3 Cases of Faulty Parallel Structure of Negation

By Mark Nichol

The following three sentences, each followed by a discussion and a revision, illustrate the problem with setting up a “neither . . . nor” construction or similar phrasing without careful attention to grammatical integrity.

1. “Data coming from third-party sources can neither be made to comply with the organization’s security guidelines nor can its authenticity be trusted.”

The grammatical confusion in this sentence is akin to that in a sentence in which the wording of a phrase including “not only” and “but also” is incorrectly ordered. (Search “not only . . . but also” on this site for multiple posts about frequently erroneous construction of sentences that include those phrases.)

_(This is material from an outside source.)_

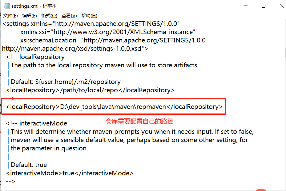 配置自己的仓库reposiroty。

A “neither . . . nor” construction is not valid when a repeated verb (such as can) follows it; use it (with neither moved after the verb phrase “made to”) only if a single instance of a verb will serve both phrases: “. . . can be made to comply neither with the organization’s security guidelines nor its (something else).” But for this sentence, let cannot take the place of “can neither”: “Data coming from third-party sources cannot be made to comply with the organization’s security guidelines, nor can its authenticity be trusted.”

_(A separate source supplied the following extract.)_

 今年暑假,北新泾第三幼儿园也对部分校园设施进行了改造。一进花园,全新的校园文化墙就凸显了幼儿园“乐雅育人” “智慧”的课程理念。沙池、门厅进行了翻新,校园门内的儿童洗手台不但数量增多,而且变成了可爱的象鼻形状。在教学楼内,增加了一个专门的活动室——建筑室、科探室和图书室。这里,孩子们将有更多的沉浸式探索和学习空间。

2. “He does not represent neither goodness nor kindness.”

Here’s another misuse of the “neither . . . nor” construction. Here, it is redundant to not; use one or the other: “He does not represent (either) goodness or kindness” (either is optional) or “He represents neither goodness nor kindness.”

3. “Smith wasn’t lamenting the view, but the decision by Yosemite National Park to change the names of some of the world’s most beloved destinations.”

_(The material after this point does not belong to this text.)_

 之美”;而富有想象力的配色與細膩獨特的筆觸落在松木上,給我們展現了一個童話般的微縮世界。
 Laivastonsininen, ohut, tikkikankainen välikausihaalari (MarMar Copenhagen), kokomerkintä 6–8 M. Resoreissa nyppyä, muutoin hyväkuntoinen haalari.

As with the first example, this sentence’s problematic grammar resembles that often seen in the erroneous construction of a “not only . . . but also” statement. Here, the verb lamenting should split the contraction wasn’t so that the contrast is clearly stated in “not (this) but (that)” form: “Smith was lamenting not the view but the decision by Yosemite National Park to change the names of some of the world’s most beloved destinations.”